Data extracted from a collection:
- - -
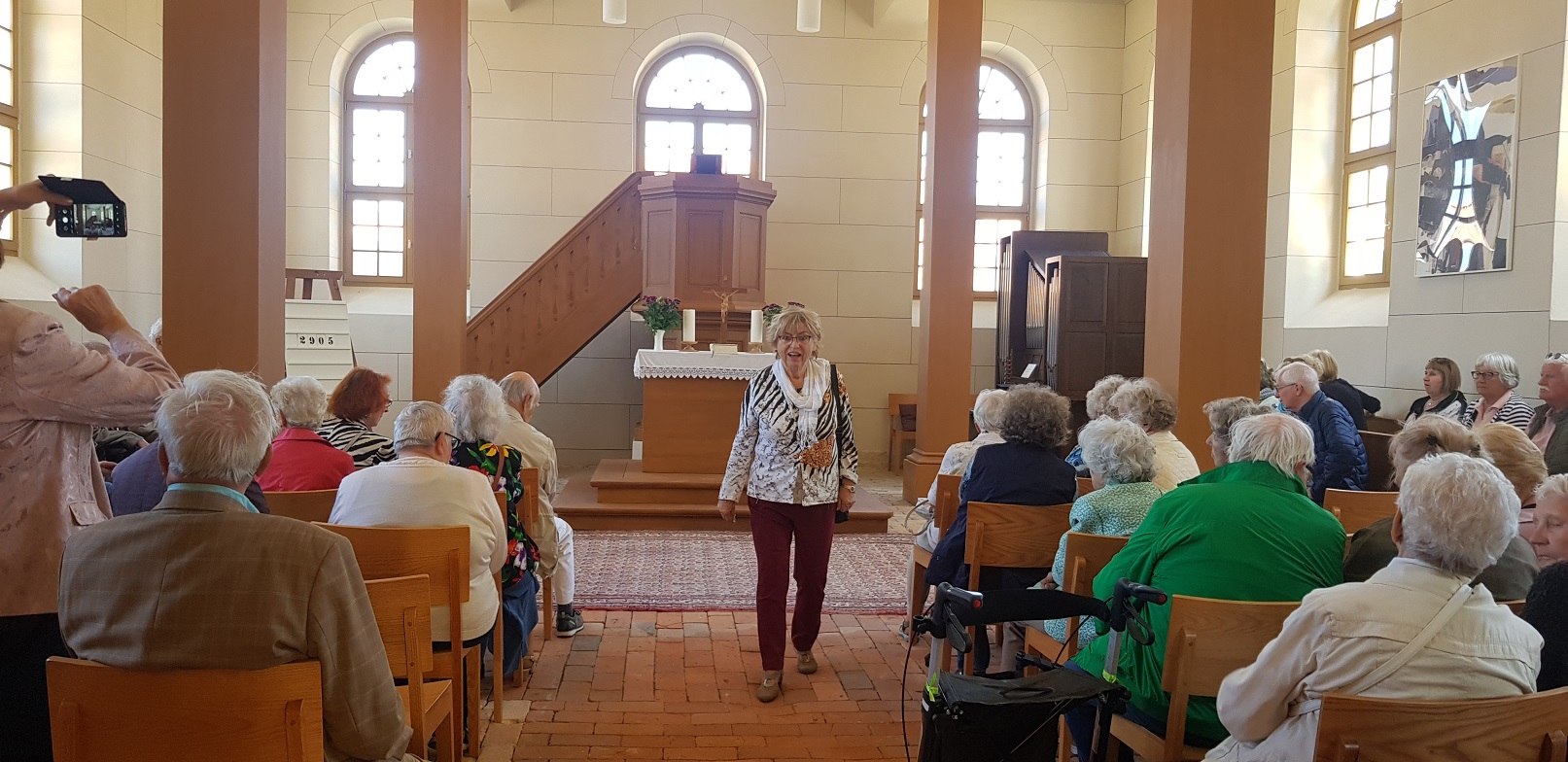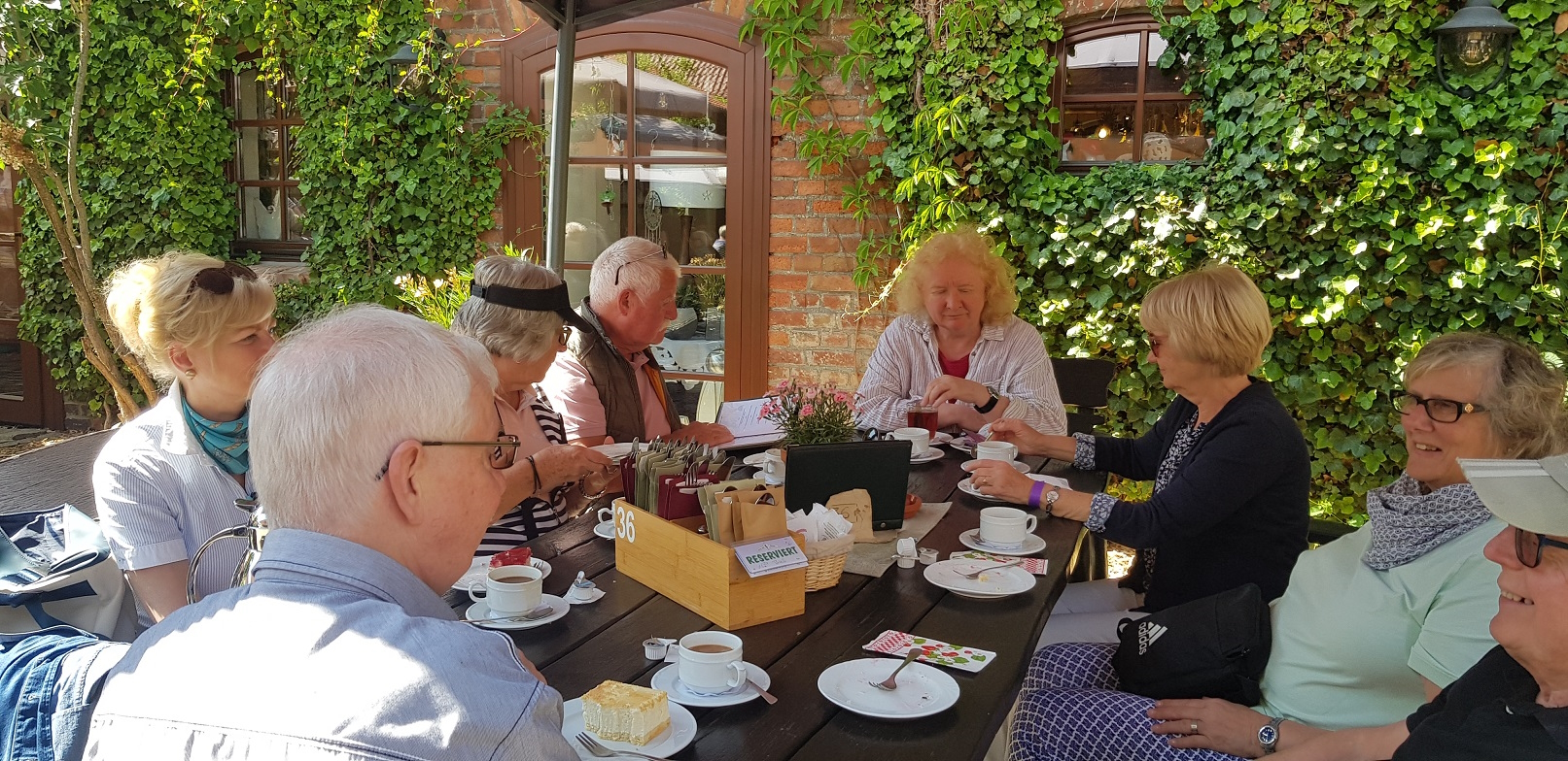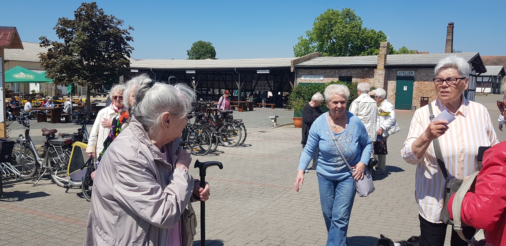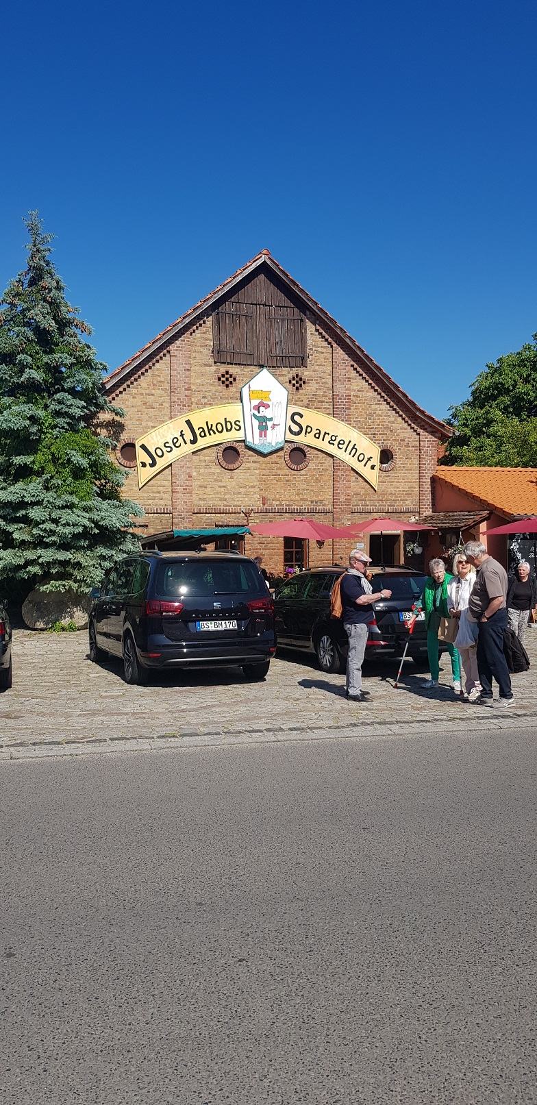 Hier konnte zunächst die Dorfkirche besucht werden, um etwas über Geschichte und Architektur zu erfahren und danach über das 5-Minuten-Museum zum wunderschönen Vier-Seitenhof-Spargelhof zu wandern. Dort erwartete vor der Heimreise alle ein großen Stück frischer Erdbeerkuchen und Kaffee.
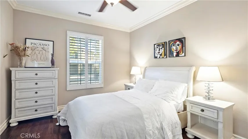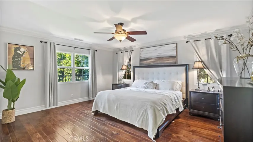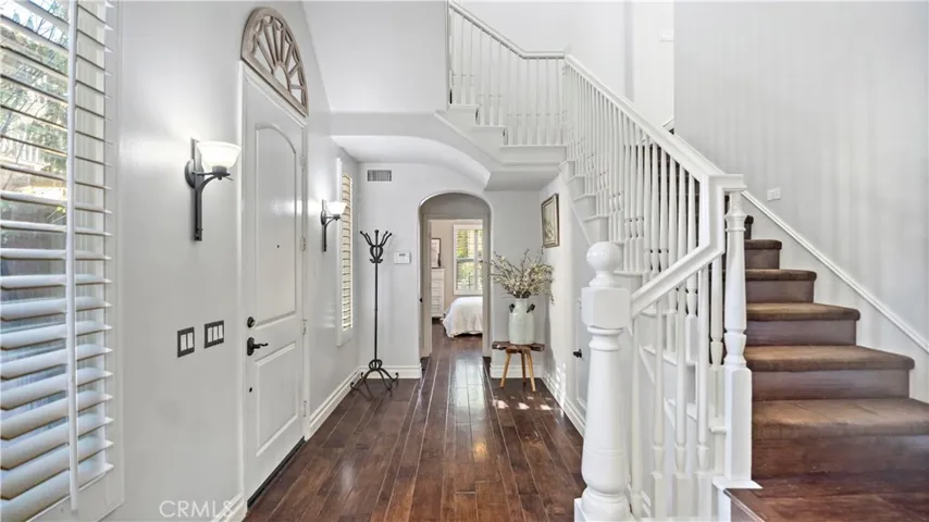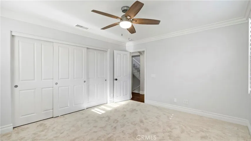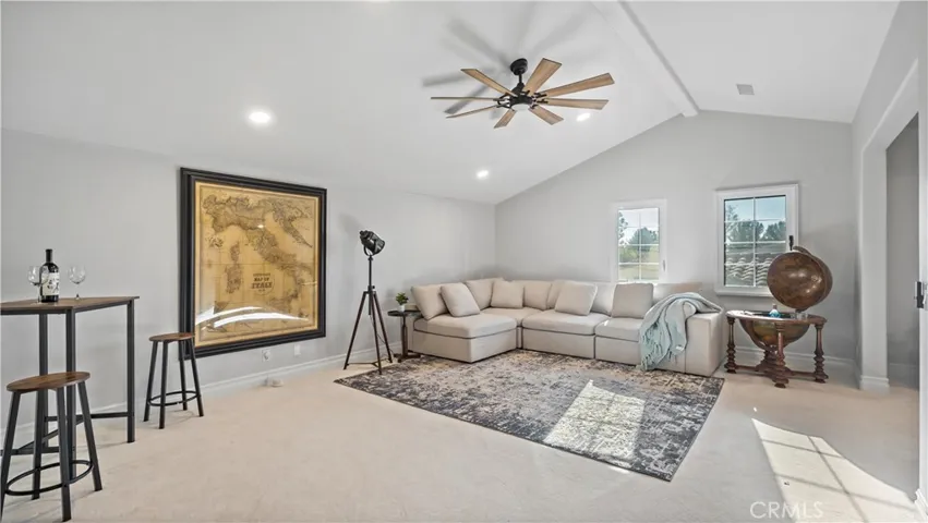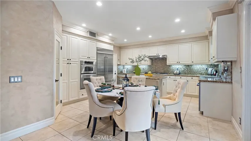 The great room opens to the chef’s kitchen with granite countertops, custom tile backsplash, wine fridge, and stainless-steel appliances. Recent upgrades include newer kitchen and bathroom cabinets, a walk-in pantry, and safety security screens on all first-floor doors and windows. French doors open to unusually large backyard, featuring a BBQ area, water feature, and fire pit—perfect for outdoor entertaining.
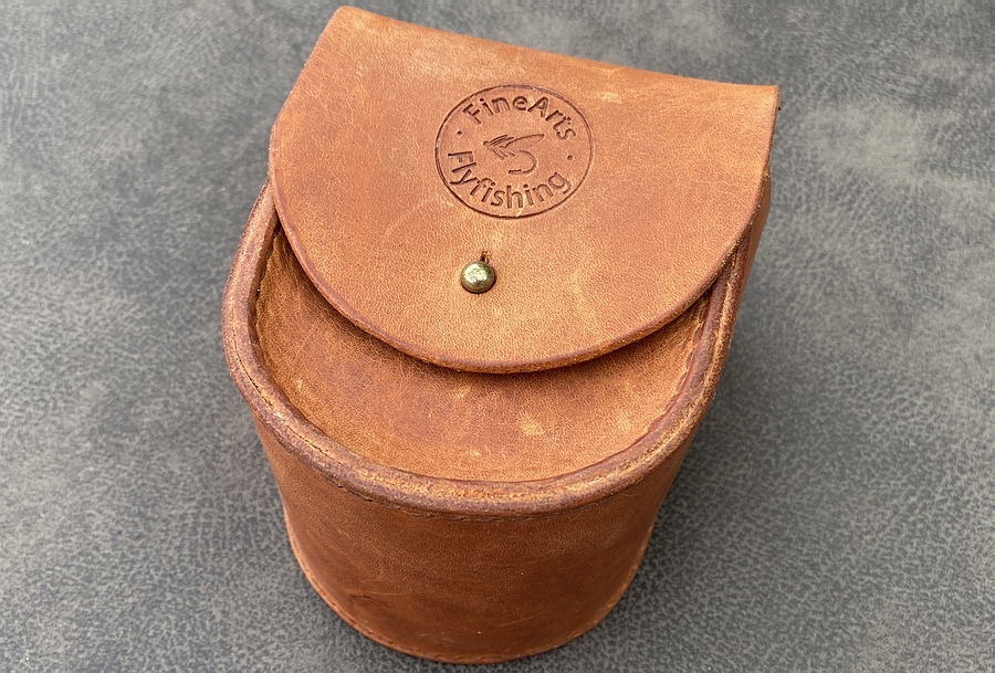 • Höhe: 12 cm • Breite: 9 cm • Tiefe: 9 cm • sicherer Verschluss als Knopf/Schlitz • Gewicht: 160 Gramm • Farbe: mittelbraun • mit Stempel "FineArts Flyfishing" auf der Vorderseite • Preis: 58,80 Euro |
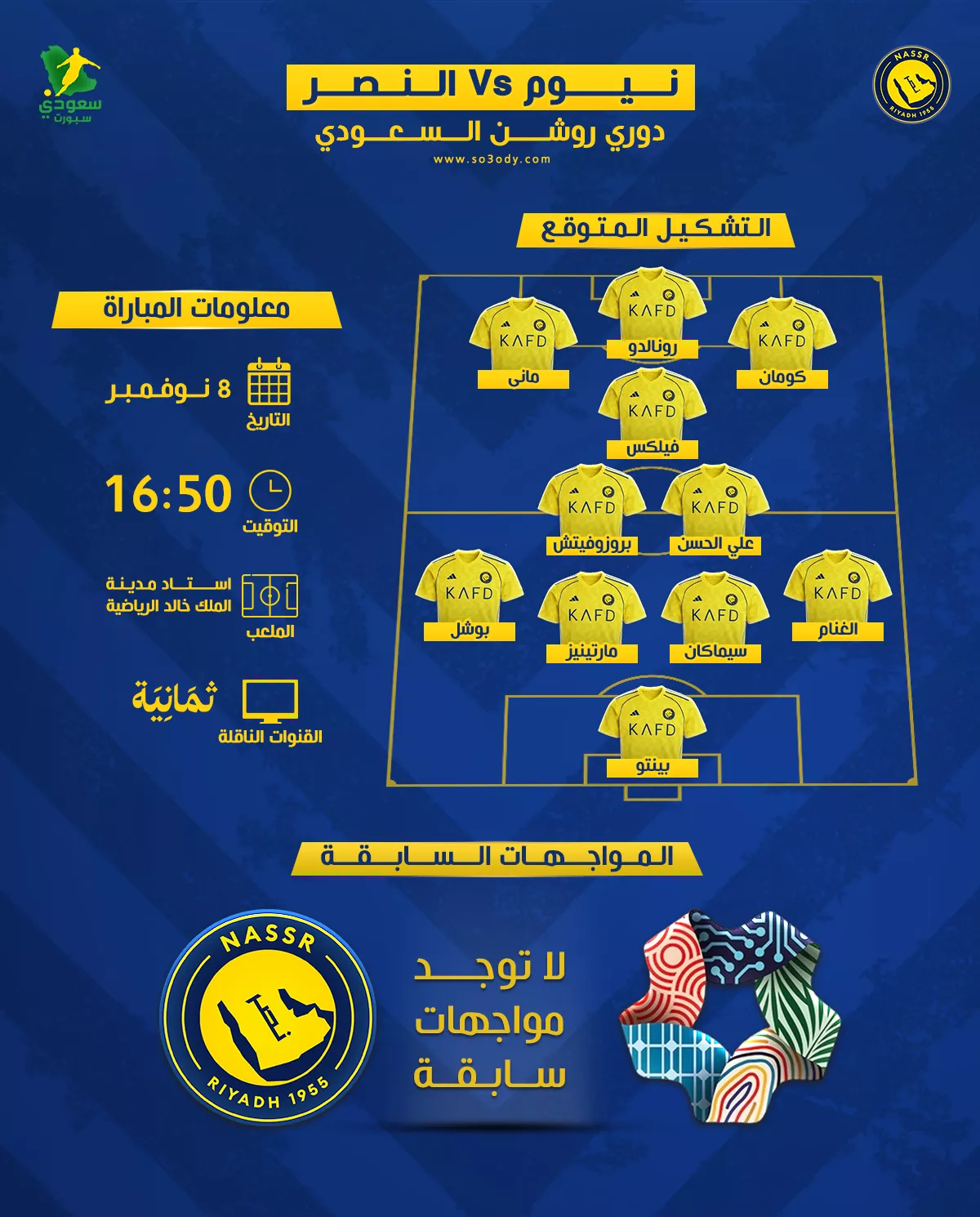 ويحل النصر ضيفًا على نيوم، باستاد مدينة الملك خالد الرياضية، ضمن منافسات الجولة الثامنة من دوري روشن.
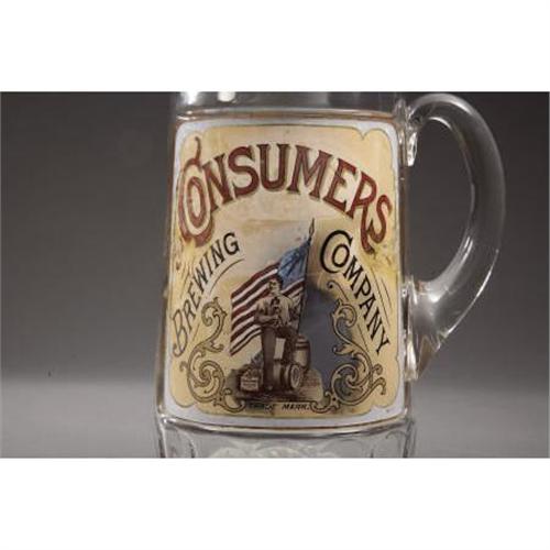 <B>"PATRIOTIC SALOON MUG"</B></I> - Label under glass display glass for “Consumers Brewing Co”; 10” tall with 6½” x 6½” panel; graphic of man with beer and American Flag.<I> From The George Jackson Collection.</B></I><BR><BR><B>Condition: </B></I>Colors good; major flaking on sides of image; several chips on rim.<BR><BR><b>Shipping:</b> Bottles, Jars & Containers (<a target="_blank" href="http://www.heritageauctions.com/common/shipping.php">view shipping information</a>)
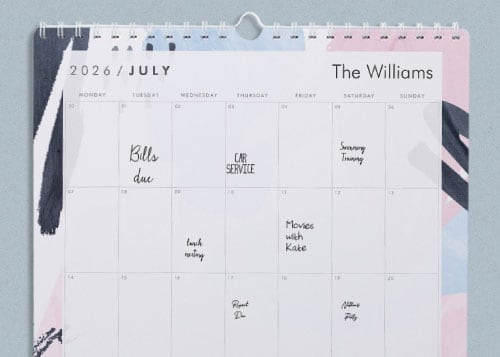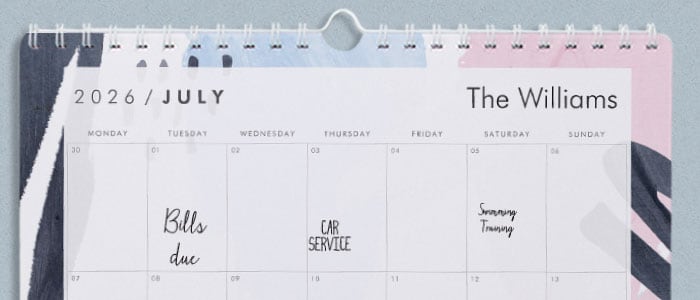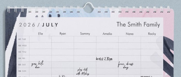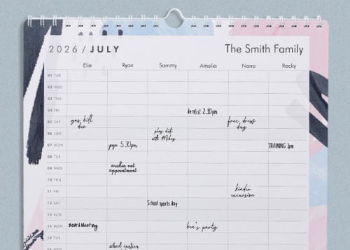 Get organised in style with Opiqo's Personalised 2026 Calendars & Family Planners. Over 100 designs, photo cover option, starting month picker & add up to 6 names + photos in column layouts. Create custom monthly planners, schedulers, agendas, charts & more!
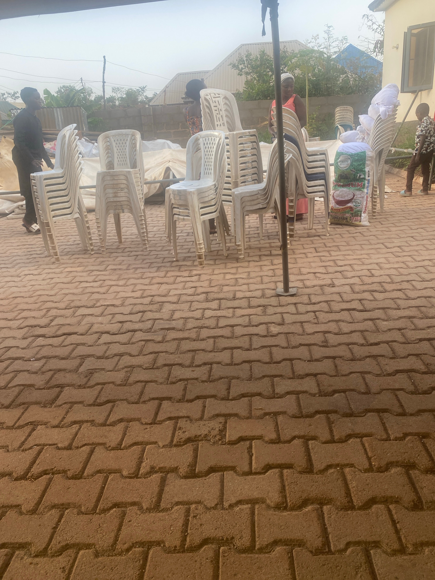 Scene in Sabon Tasha, Nigeria. Rows of stacked white plastic chairs on interlocking brick pavement. A bag of Optimum Parboiled Rice sits on the chairs. People are partially visible around the chairs.…read more
- - -
** Task **
Reproduce exactly the lines from the one containing "ويحل النصر ضيفًا" through the last line of the records, both included, leaving out every picture.

** Solved problem **
 ويحل النصر ضيفًا على نيوم، باستاد مدينة الملك خالد الرياضية، ضمن منافسات الجولة الثامنة من دوري روشن.
 <B>"PATRIOTIC SALOON MUG"</B></I> - Label under glass display glass for “Consumers Brewing Co”; 10” tall with 6½” x 6½” panel; graphic of man with beer and American Flag.<I> From The George Jackson Collection.</B></I><BR><BR><B>Condition: </B></I>Colors good; major flaking on sides of image; several chips on rim.<BR><BR><b>Shipping:</b> Bottles, Jars & Containers (<a target="_blank" href="http://www.heritageauctions.com/common/shipping.php">view shipping information</a>)
 Get organised in style with Opiqo's Personalised 2026 Calendars & Family Planners. Over 100 designs, photo cover option, starting month picker & add up to 6 names + photos in column layouts. Create custom monthly planners, schedulers, agendas, charts & more!
 Scene in Sabon Tasha, Nigeria. Rows of stacked white plastic chairs on interlocking brick pavement. A bag of Optimum Parboiled Rice sits on the chairs. People are partially visible around the chairs.…read more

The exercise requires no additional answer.